FIGURE 1. Genome assembly and comparison. (A) Circos graph of genome statistics. Genomic features. From outer to inner circles: 1, represents chromosomes; 2, distribution of DNA transposons; 3, distribution of retrotransposons; 4, GC content; 5, gene distribution density; 6, each line joins paralogous genes at different chromosomes. 2–5 are drawn with 500 Kb sliding windows. (B) Genome comparison between S. lalandi and T. ovatus. The S. lalandi chromosomes are on the left, and the T. ovatus chromosomes are on the left.
Repetitive elements comprised 22.46% of the S. lalandi genome, similar to the estimate in the T. ovatus genome (20.25%, 655 Mb) (Zhang et al., 2019). The most abundant transposable elements (TEs) were DNA transposons (11.51%), followed by long terminal repeats (LTRs, 4.93%) and long interspersed elements (LINEs, 3.85%) (Supplementary Figure 4). We integrated de novo, homology-based and transcriptome-based methods to predict a protein-coding gene set comprising 22,674 genes (Supplementary Table 5), and which 20,568 (90.71%) matched entries in a public database (Supplementary Table 6). We identified 95.70% complete BUSCOs from 22,674 protein-coding genes.

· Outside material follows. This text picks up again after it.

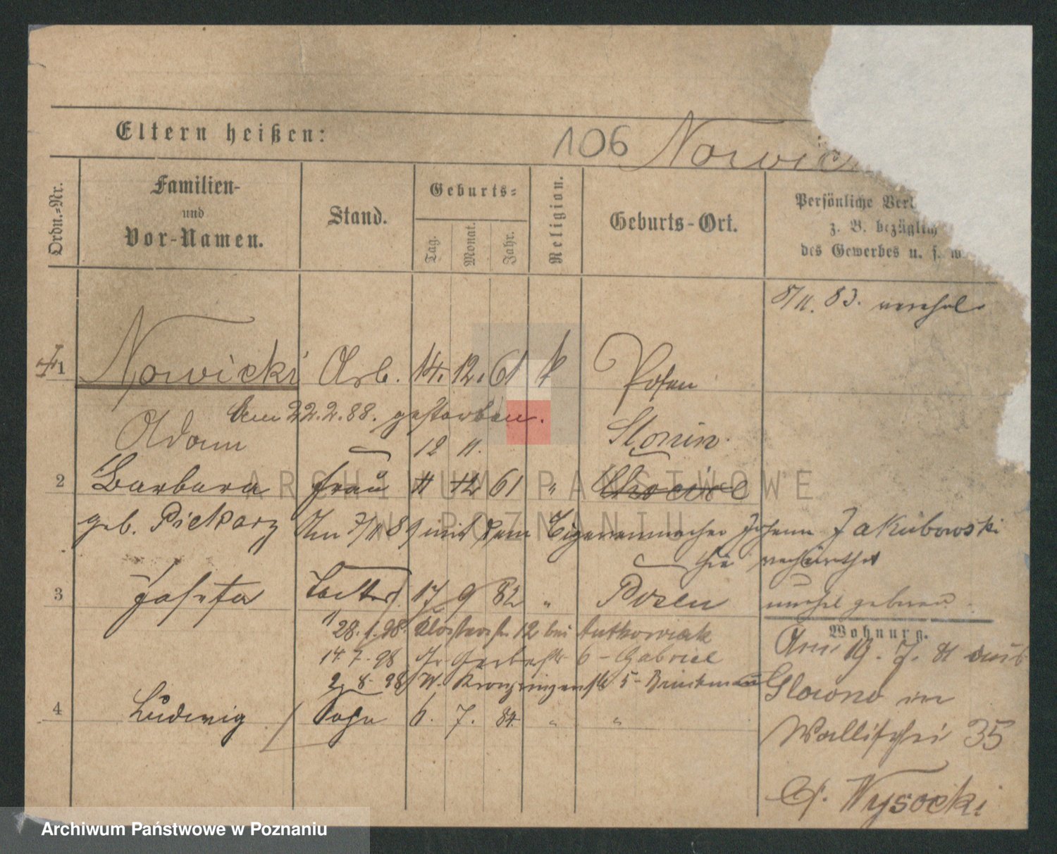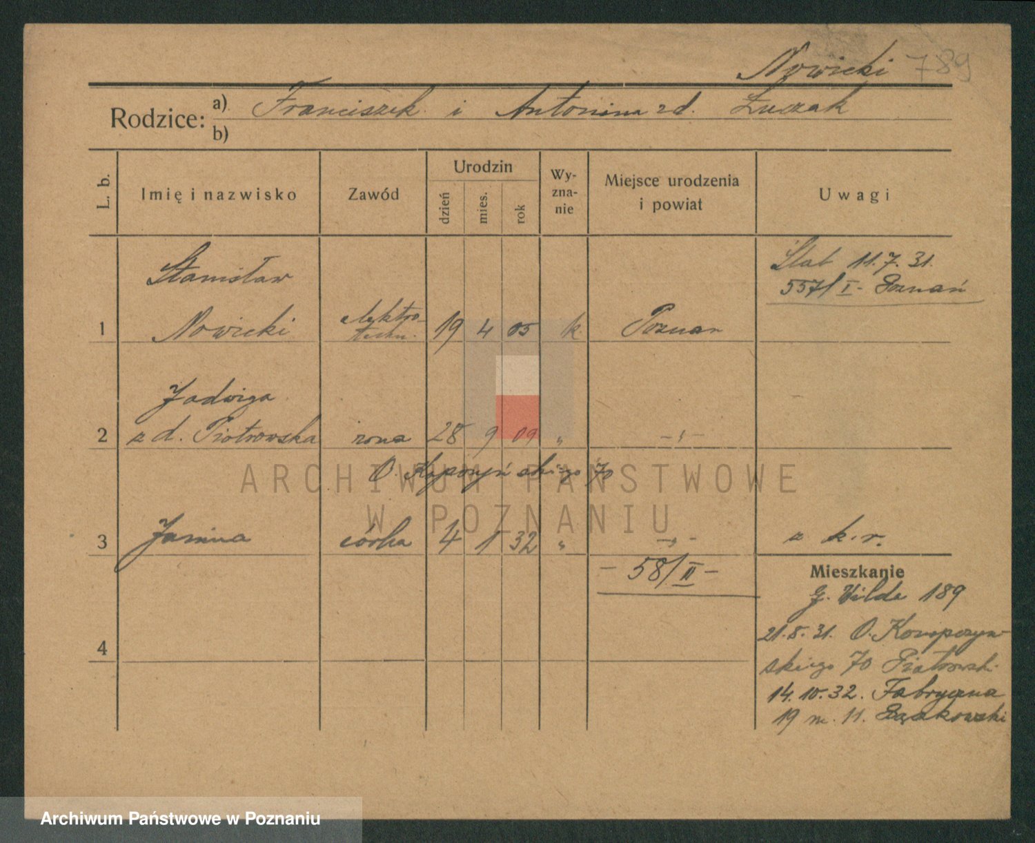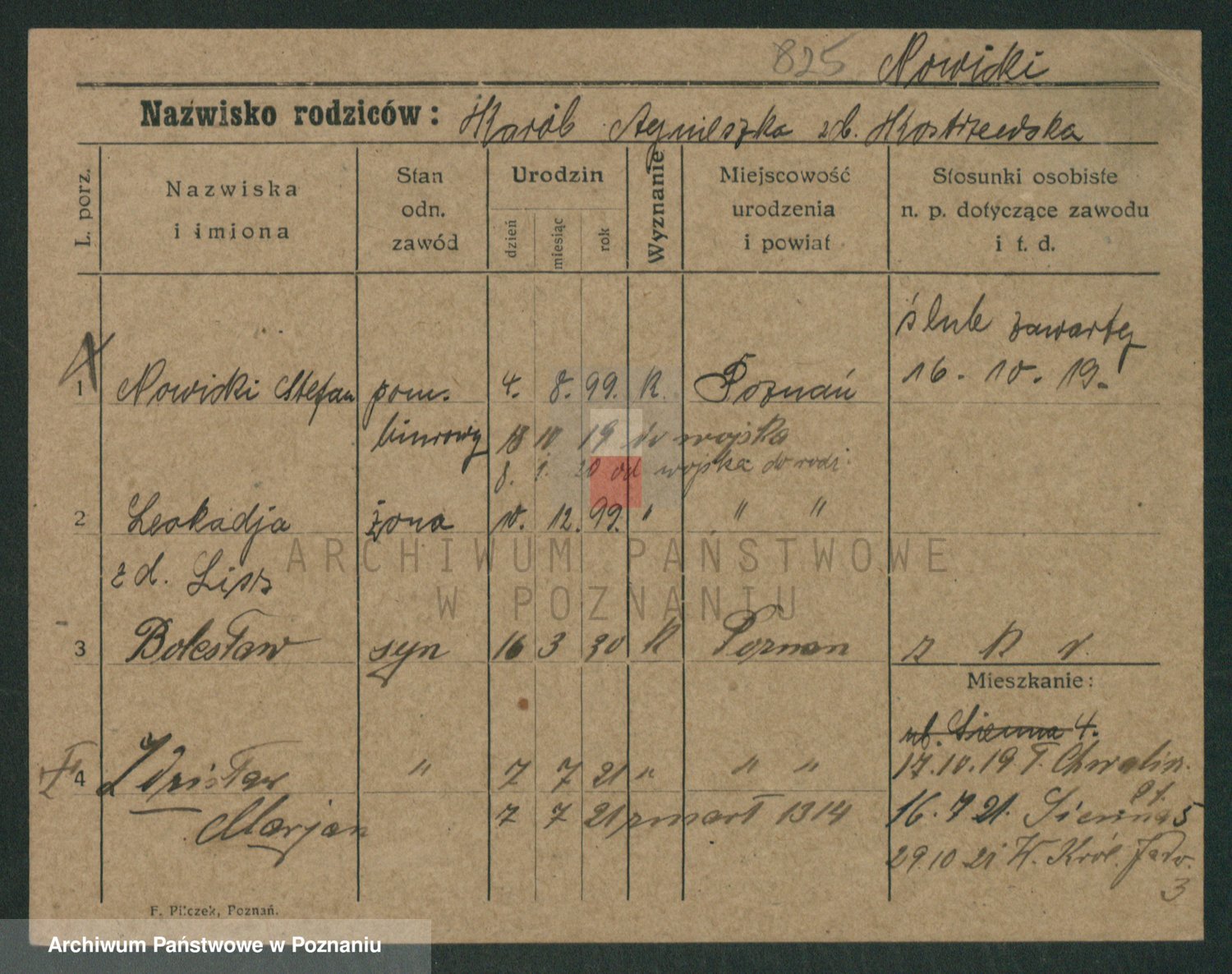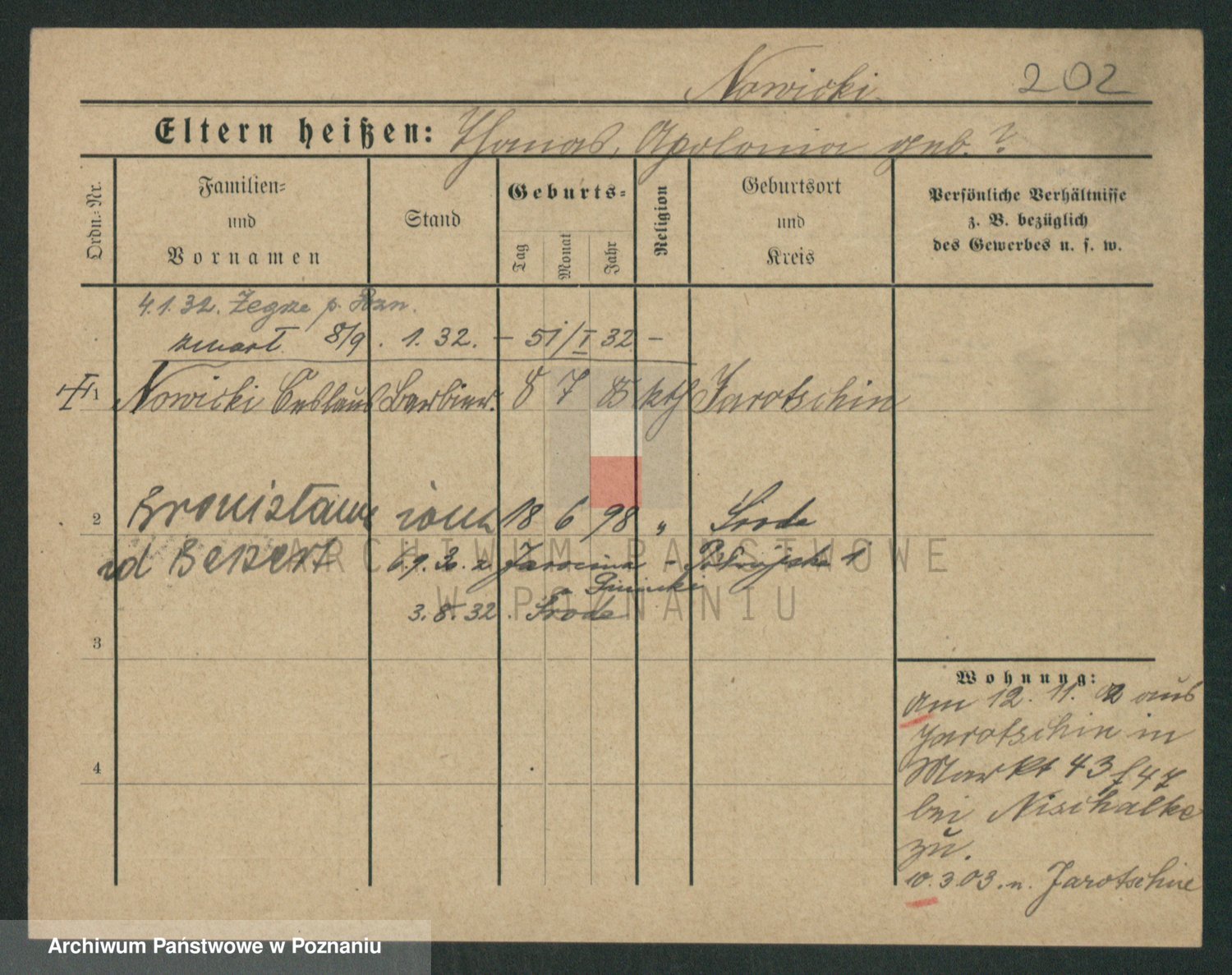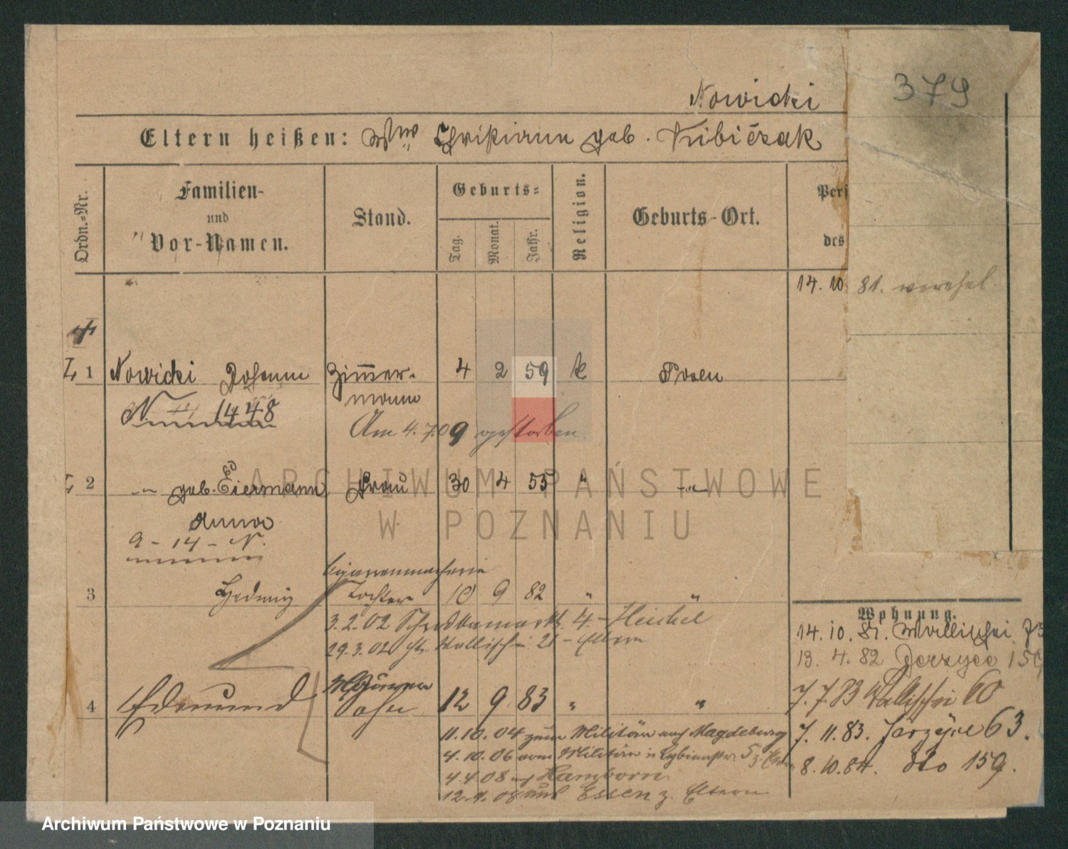 Podgląd karty osobowej dostępny jest po kliknięciu na nazwisko lub ikonkę karty. Można dokonywać powiększenia (ikony na górze) lub przechodzić między kolejnymi skanami (strzałki po bokach).
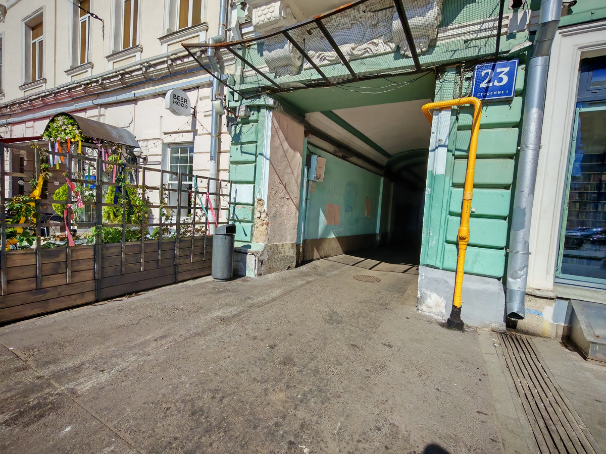 Заведение, скрывающееся в арке, вряд ли привлекло бы внимание, если бы не его уникальная концепция. Находится оно в довольно спокойном уголке с домами и деревьями, что делает его ещё более загадочным.

Phylogenetic Relationships and Genomic Comparison
We constructed a phylogenetic tree of S. lalandi and 10 teleost fish (S. dumerili, S. quinqueradiata, S. rivoliana, E. naucrates, O. latipes, D. rerio, T. rubripes, L. crocea, O. niloticus, and C. melampygus) based on 5,067 single-copy genes (Figure 2A, Supplementary Table 7). According to the phylogeny and the fossil record of teleosts, we dated the divergence of Seriola from the other teleost species to approximately 72.6 million years ago (Figure 2A).
FIGURE 2. Genome evolution analysis. (A) Phylogenetic tree of 11 teleost genomes, which was constructed using 5,067 single copy orthologous genes. The black numbers on the branches indicate the estimated diverge times in millions of years ago, and the blue and red numbers represent the expanded and contracted gene families. The different types of orthologous relationships are shown on the right. (B) The enrichment analysis of 148 positively selected genes detected in S. lalandi genome.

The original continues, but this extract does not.